*Activity*.
The lines in the listing below are to be given again exactly, starting at the line holding "- Product Dimensions" and ending at the line holding "El número de". Do not include pictures.

##### Data provided

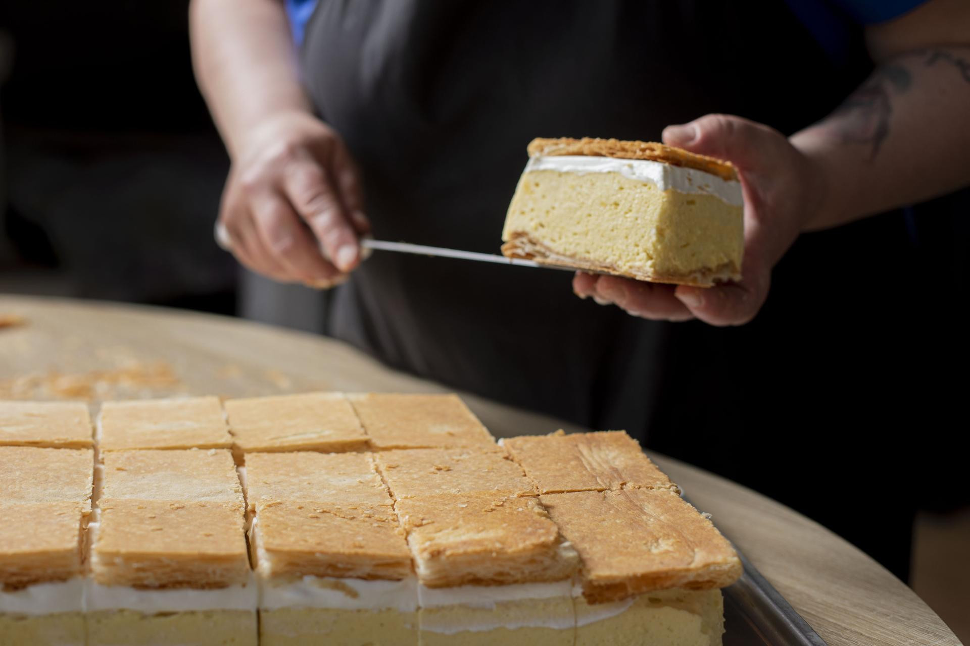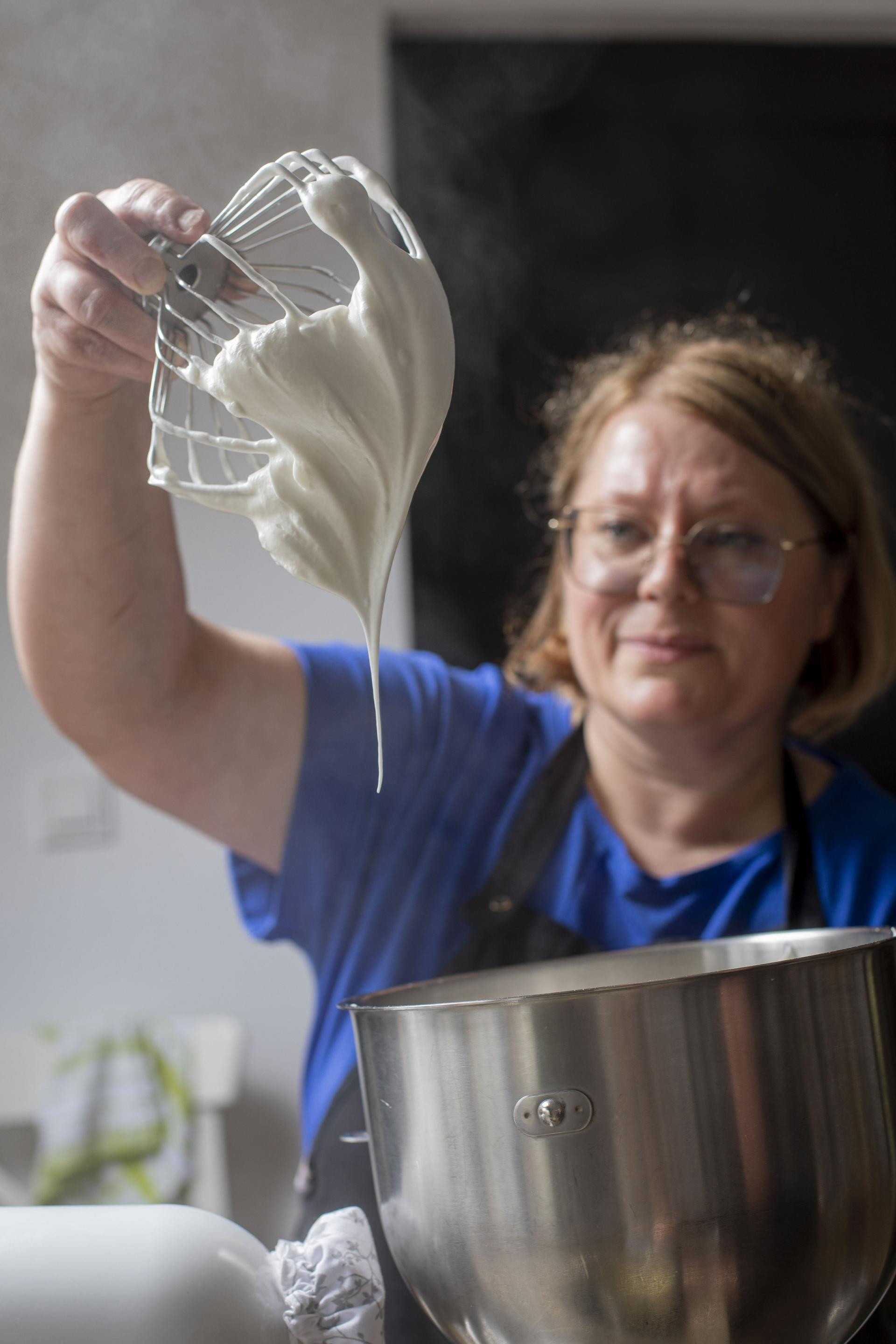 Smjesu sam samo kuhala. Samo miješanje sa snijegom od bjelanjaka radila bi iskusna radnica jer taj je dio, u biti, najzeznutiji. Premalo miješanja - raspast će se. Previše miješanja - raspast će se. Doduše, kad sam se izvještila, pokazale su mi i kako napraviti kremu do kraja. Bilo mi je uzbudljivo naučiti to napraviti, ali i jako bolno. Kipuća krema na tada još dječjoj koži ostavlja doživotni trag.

##########
##### Data provided

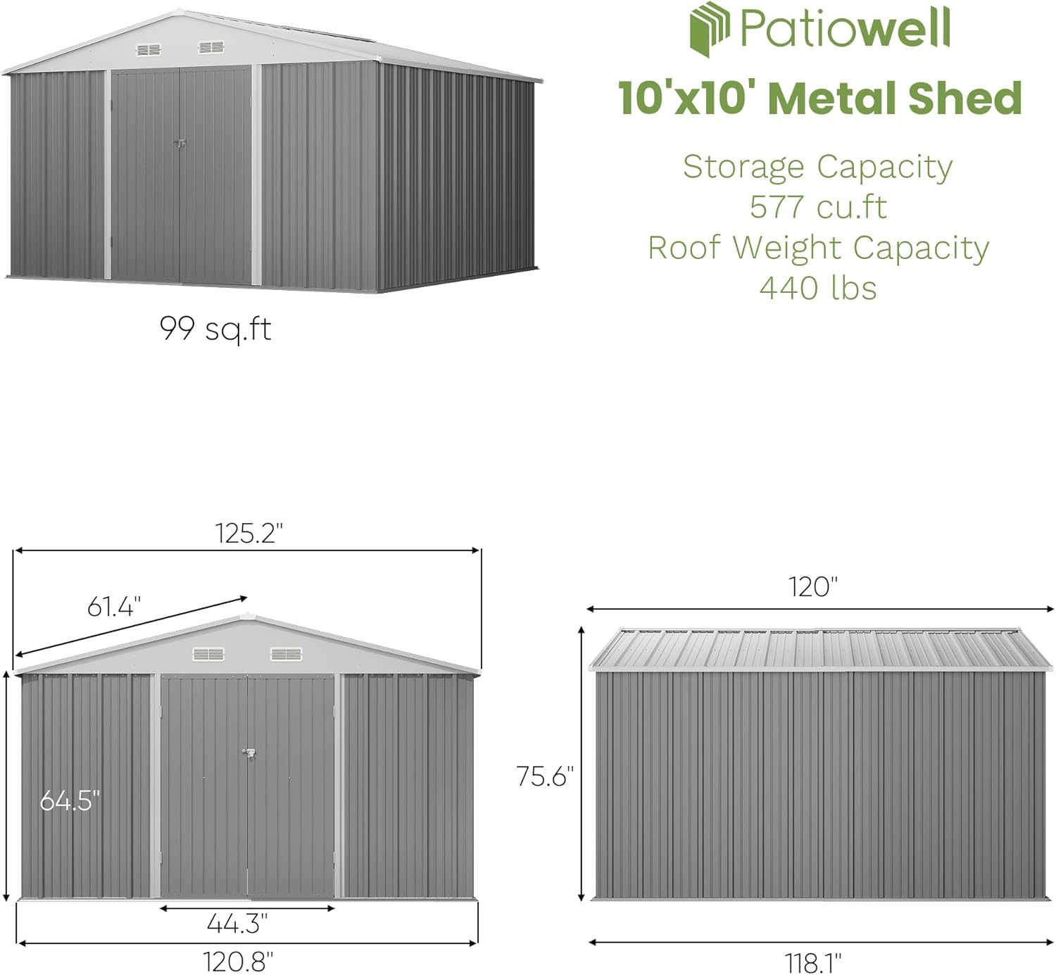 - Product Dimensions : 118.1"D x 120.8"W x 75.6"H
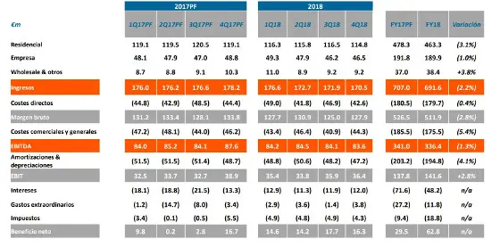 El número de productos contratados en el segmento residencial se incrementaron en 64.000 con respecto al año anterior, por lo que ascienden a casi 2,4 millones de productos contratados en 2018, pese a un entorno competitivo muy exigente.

##########

*Finished task*.
 - Product Dimensions : 118.1"D x 120.8"W x 75.6"H
 El número de productos contratados en el segmento residencial se incrementaron en 64.000 con respecto al año anterior, por lo que ascienden a casi 2,4 millones de productos contratados en 2018, pese a un entorno competitivo muy exigente.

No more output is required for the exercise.